• Exercise details: Each line starting at the one that contains "Ahora vamos a" and ending at the one that contains "Adaugă un strop" must be returned exactly, and the rest of the listing is left out.
═════ Data records ═════
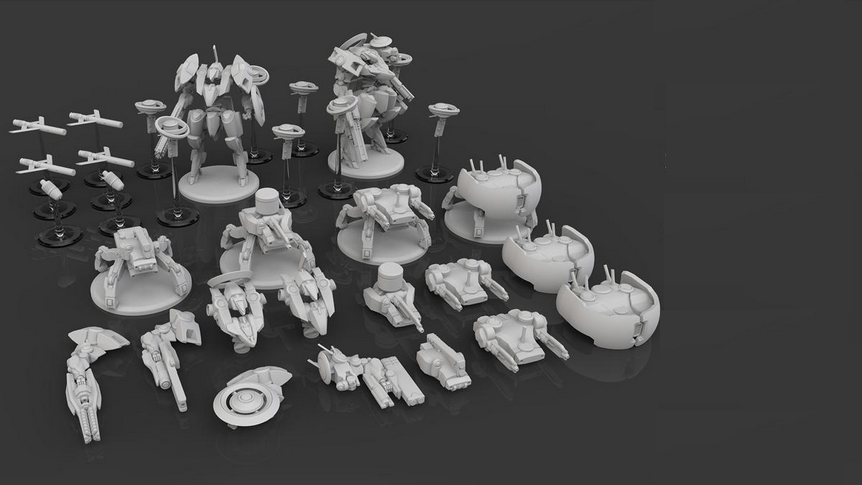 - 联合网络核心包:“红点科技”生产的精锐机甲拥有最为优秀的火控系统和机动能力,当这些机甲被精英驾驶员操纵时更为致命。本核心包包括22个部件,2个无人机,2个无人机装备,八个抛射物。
═════
═════ Data records ═════
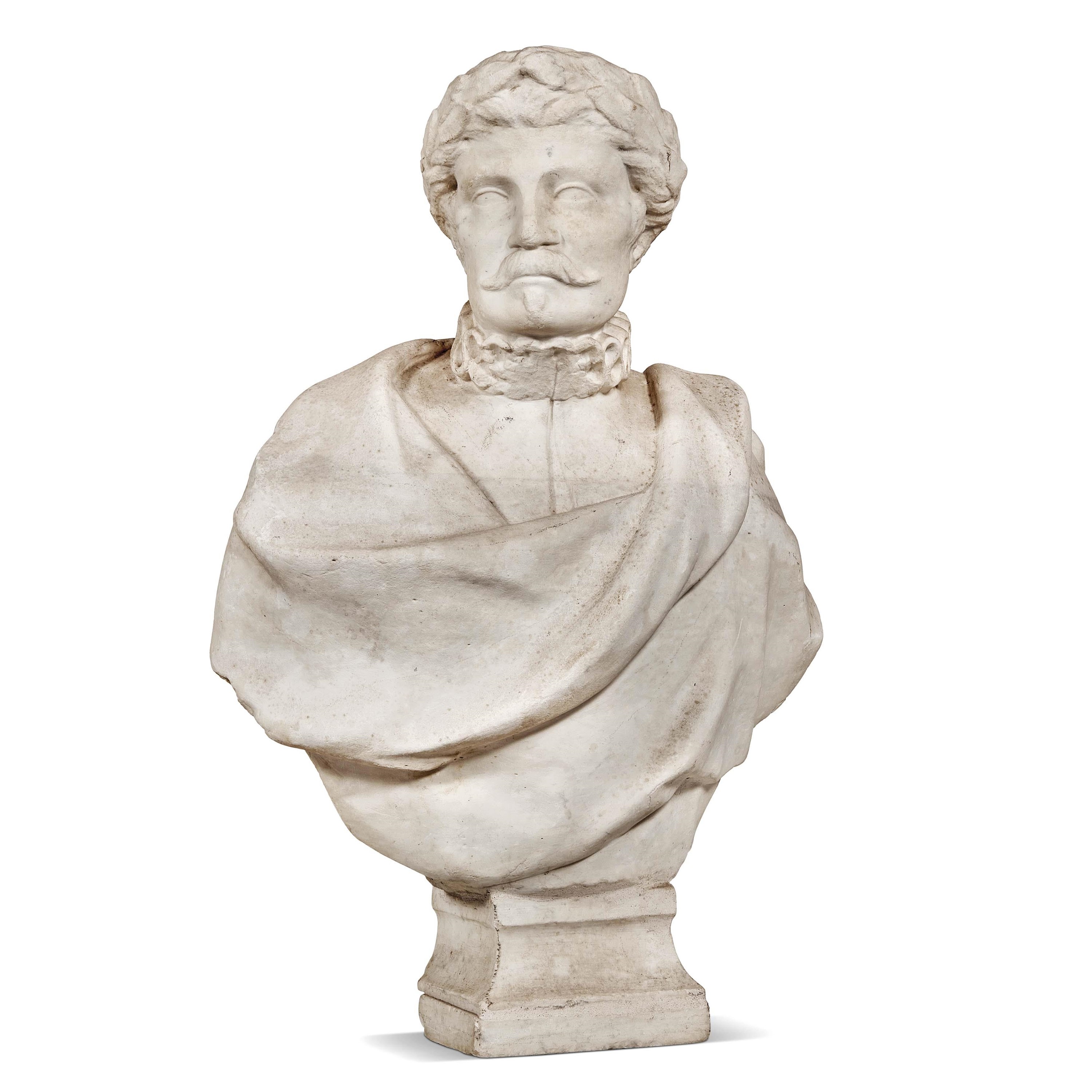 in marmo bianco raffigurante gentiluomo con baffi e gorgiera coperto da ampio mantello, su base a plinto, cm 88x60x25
═════
═════ Data records ═════
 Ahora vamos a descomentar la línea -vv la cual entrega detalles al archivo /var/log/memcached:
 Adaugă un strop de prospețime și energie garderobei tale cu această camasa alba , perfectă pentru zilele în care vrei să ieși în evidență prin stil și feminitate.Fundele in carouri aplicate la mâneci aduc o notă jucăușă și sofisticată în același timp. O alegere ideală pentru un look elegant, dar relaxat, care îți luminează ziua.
═════
• Finished exercise:
 Ahora vamos a descomentar la línea -vv la cual entrega detalles al archivo /var/log/memcached:
 Adaugă un strop de prospețime și energie garderobei tale cu această camasa alba , perfectă pentru zilele în care vrei să ieși în evidență prin stil și feminitate.Fundele in carouri aplicate la mâneci aduc o notă jucăușă și sofisticată în același timp. O alegere ideală pentru un look elegant, dar relaxat, care îți luminează ziua.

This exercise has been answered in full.